L'emblème de Paris
La tour Eiffel fut longtemps assez étrangère aux Parisiens. Phare d'une « Ville lumière » lors des fêtes et des expositions internationales, en sommeil entre-temps, Apollinaire la voyait en bergère des ponts sur la Seine. Pourtant, en élargissant le cadre, elle pouvait l'être du grand troupeau moutonnant des immeubles parisiens, si semblables et faisant le dos rond avec leurs toits mansardés (20 m de hauteur maximale, six étages : le gabarit imposé par le règlement d'urbanisme de l'époque).

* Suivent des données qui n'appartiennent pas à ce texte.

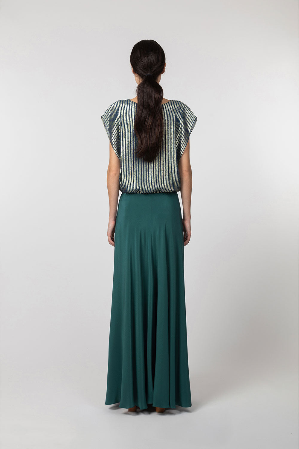 This blouse is made from a striped silk and lurex fabric woven in France by Denis & fils, a mill founded in 1956 near Lyon. The silk yarn is overdyed to create a subtle two-tone effect. The blouse, which can be worn interchangeably with a boat neck or V-neck in the front, is enhanced by its straight, pure and contemporary silhouette.
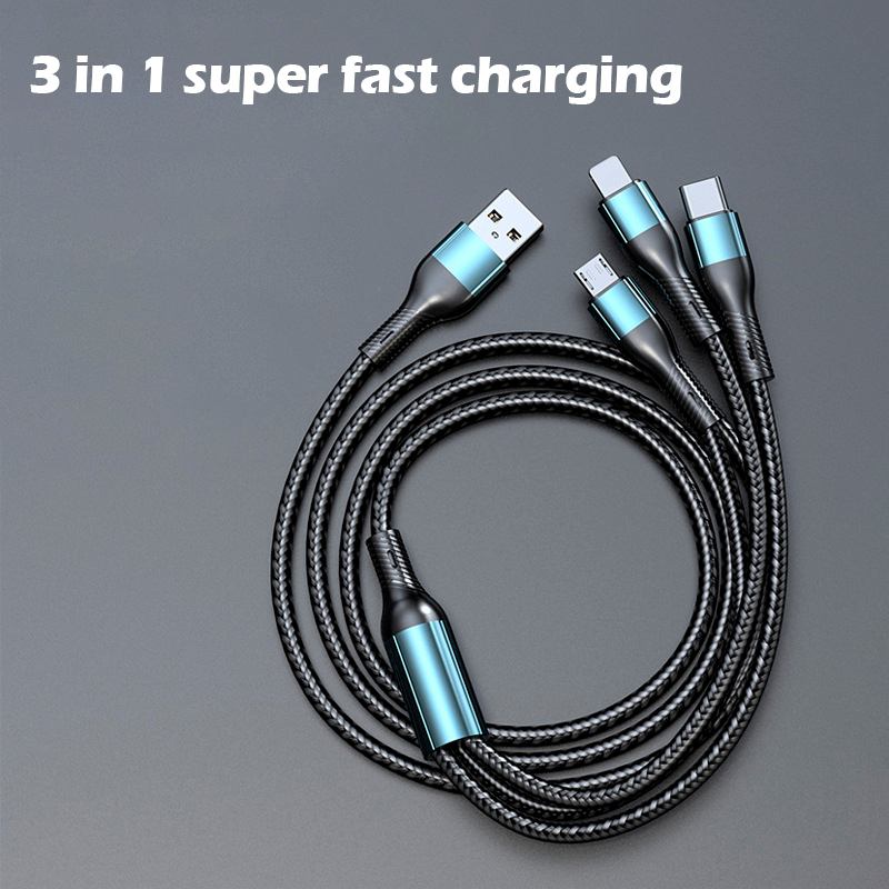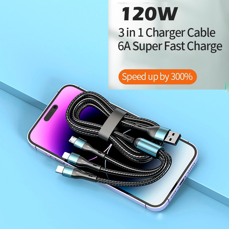 120W Usb Fast Charging Data Cable Universal 3 In 1 Multiple Usb Cord With ,Type-C, Micro
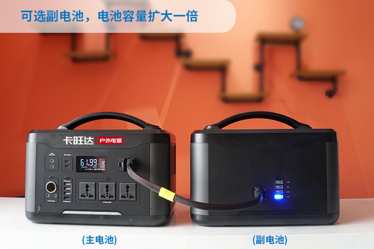 卡旺达电+1300户外电源本体自带400000mAh (1280Wh)超大容量锂离子电池组,并可以选购副电池连接使用,通过右上角大电流接口进行连接,提供翻倍容量支撑更长的续航。
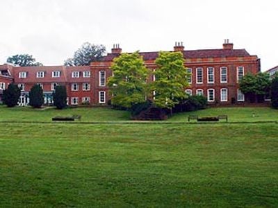 Frognal House stands within seven acres of landscaped grounds, featuring decorative brickwork, elaborate gables, and a central courtyard layout.
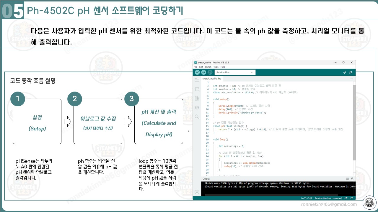 이 세 단계는 pH 센서에서 값을 읽고, 이를 전압으로 변환한 후, 해당 전압을 pH 값으로 변환하여 시리얼 모니터에 표시하는 전체 흐름을 형성합니다.
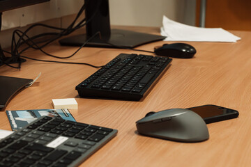 office desk with keyboard and mouse
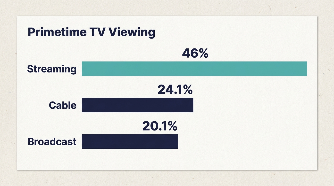 Streaming's primetime dominance represents a permanent structural shift in American television. According to Nielsen, streaming now accounts for 44.8% of all U.S. TV viewing, with the majority happening on ad-supported services.
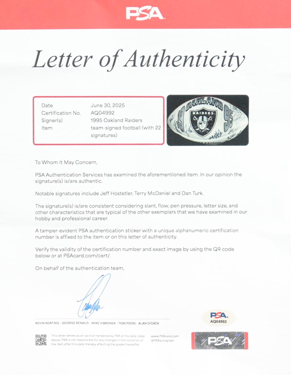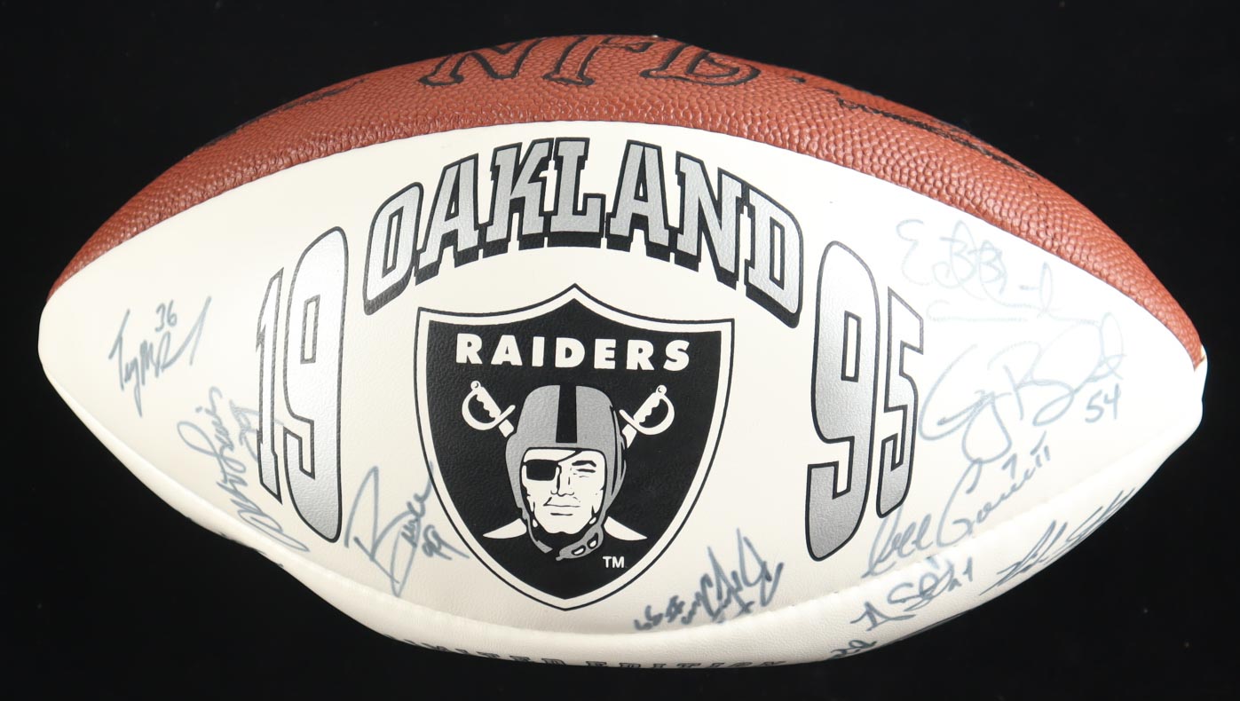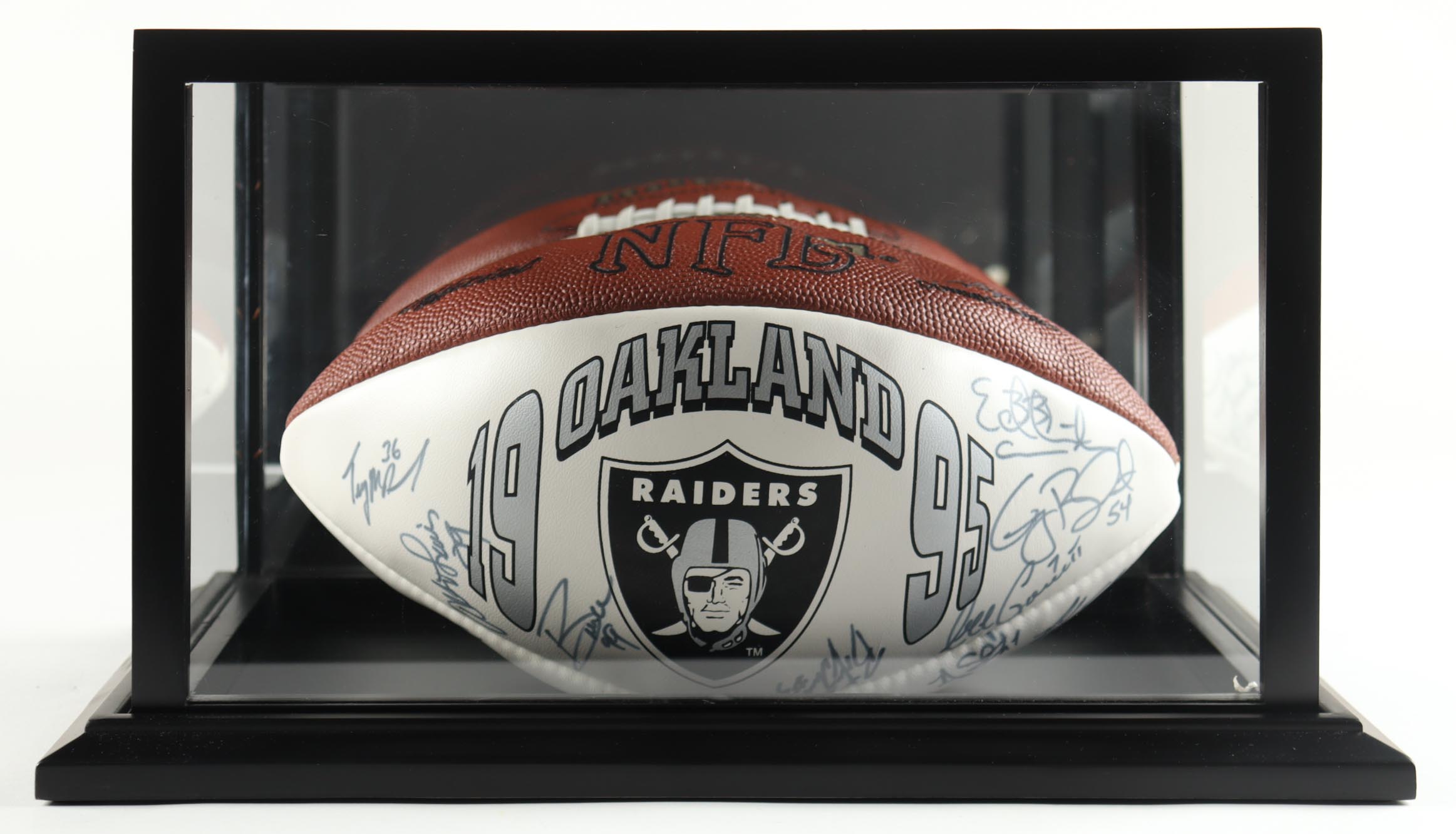 1995 Raiders LE Official NFL Football With Display Case Team-Signed By (22) With Jeff Hostetler, Albert Lewis, Terry McDaniel, Kevin Gogan (PSA)
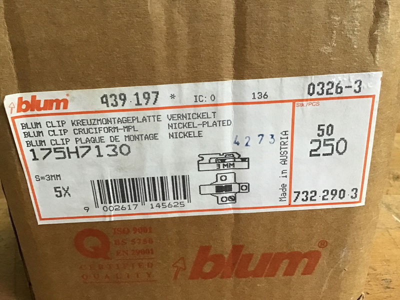 New Contractor Box of Blum, nickel-plated mounting plates. There are five boxes of 50, for a total count of 250. These sell at about $1 each online, see here.
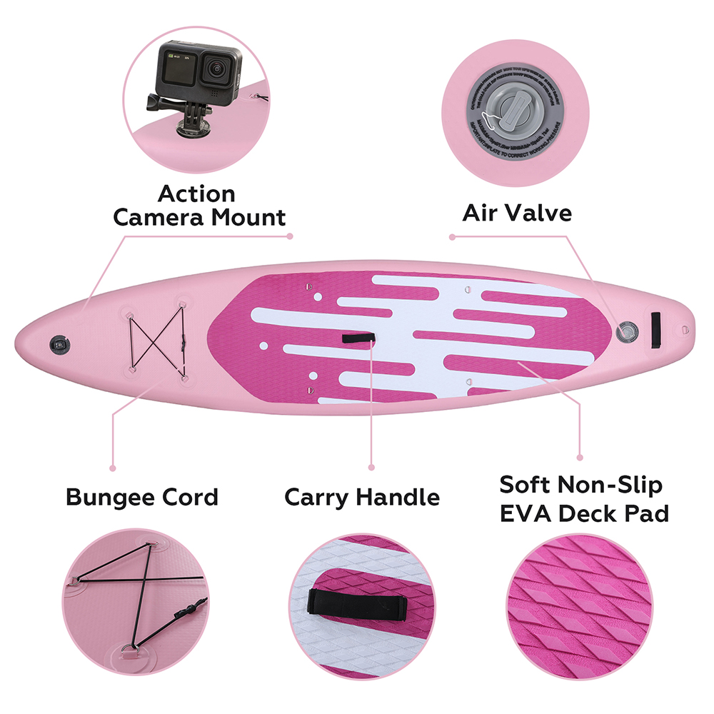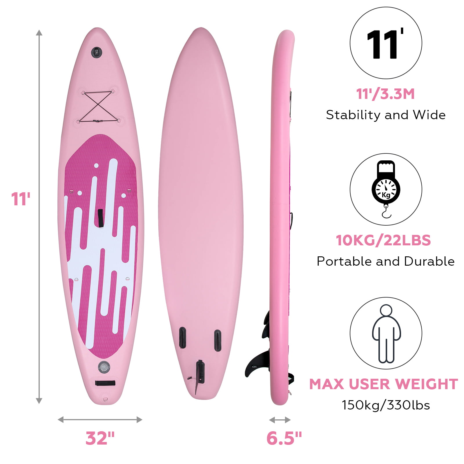 Camping Survivals 11 Ft. SUP Inflatable Paddle Board. with Fin. Pump. Paddle & Carry Bag. 6 In. Thick

Les provinciaux, les étrangers, eux, n'hésiteront pas à en faire l'emblème du Paris qu'ils fréquentent, celui des beaux quartiers aux belles perspectives et aux longs alignements d'arbres. Cette attraction foraine convertie en équipement permanent de plein air fut plébiscitée par les touristes parce que placée en pleine ville mais en un site dégagé et verdoyant, celui du Champ-de-Mars et de la butte de Chaillot. Tout visiteur reste étranger à la ville et ressent à un moment le besoin de changer d'air, de prendre quelque distance; la tour Eiffel est un refuge idéal.
La bergère est restée vaillante, même si son troupeau est mutant et le pâturage encombré çà et là du jeu de cubes de tours en habit de verre et toits-terrasses. Elle a traversé le XXe siècle sans dommage, avec de menues adaptations. Toujours support de lancement des feux d'artifice, elle n'a plus rien d'un phare cependant. L'implantation d'une antenne pour la télévision en 1954 portera sa hauteur totale à 320,75 m, mais entraînera la disparition de sa lanterne Terminale. C'est elle maintenant qui reçoit, la nuit, le feu des projecteurs. Ses ascenseurs d'origine ont été remplacés, notamment celui du dernier étage. Il monte maintenant d'un jet et fonctionne tout l'hiver. Fini le coup de vent à mi-parcours, la sensation du grand large, à défaut d'embruns marins ! Disparu le vertigineux escalier de service en colimaçon qui reliait les deux derniers étages ! Il a été remplacé par un banal, mais plus sûr, escalier de secours à volées droites. Un tronçon reste exposé sur la première terrasse.
La Ville de Paris en est propriétaire.
La deuxième concession d'exploitation venait à expiration fin 1979, au moment où la Ville de Paris sortait de son exception administrative de capitale pour redevenir une municipalité indépendante. La Ville de Paris est aujourd'hui le propriétaire-exploitant de son emblème, d'autant que sa gestion en est facilitée : avec le tourisme de masse, la tour Eiffel compte ses visiteurs par millions chaque année.
Quelque 35 tonnes de peinture protègent la Tour de la rouille pour sept ans environ. La couleur a varié au cours du siècle, passant de l'orangé au bleuté, et enfin au brun-beige de trois tonalités différentes (la plus foncée à la base, la moyenne au milieu et la plus claire au sommet). Les pigeons ont failli abattre l'inoxydable Géante. Leur fiente était parvenue à corroder certains éléments sur les faces intérieures inaccessibles aux peintres, ce qui rendit nécessaire une réfection complète, opérée de 1982 à 1985, avec remplacement d'assez grosses pièces. Toutes les pièces, fermement liées par rivets, constituaient un tout indéformable mais pas indémontable.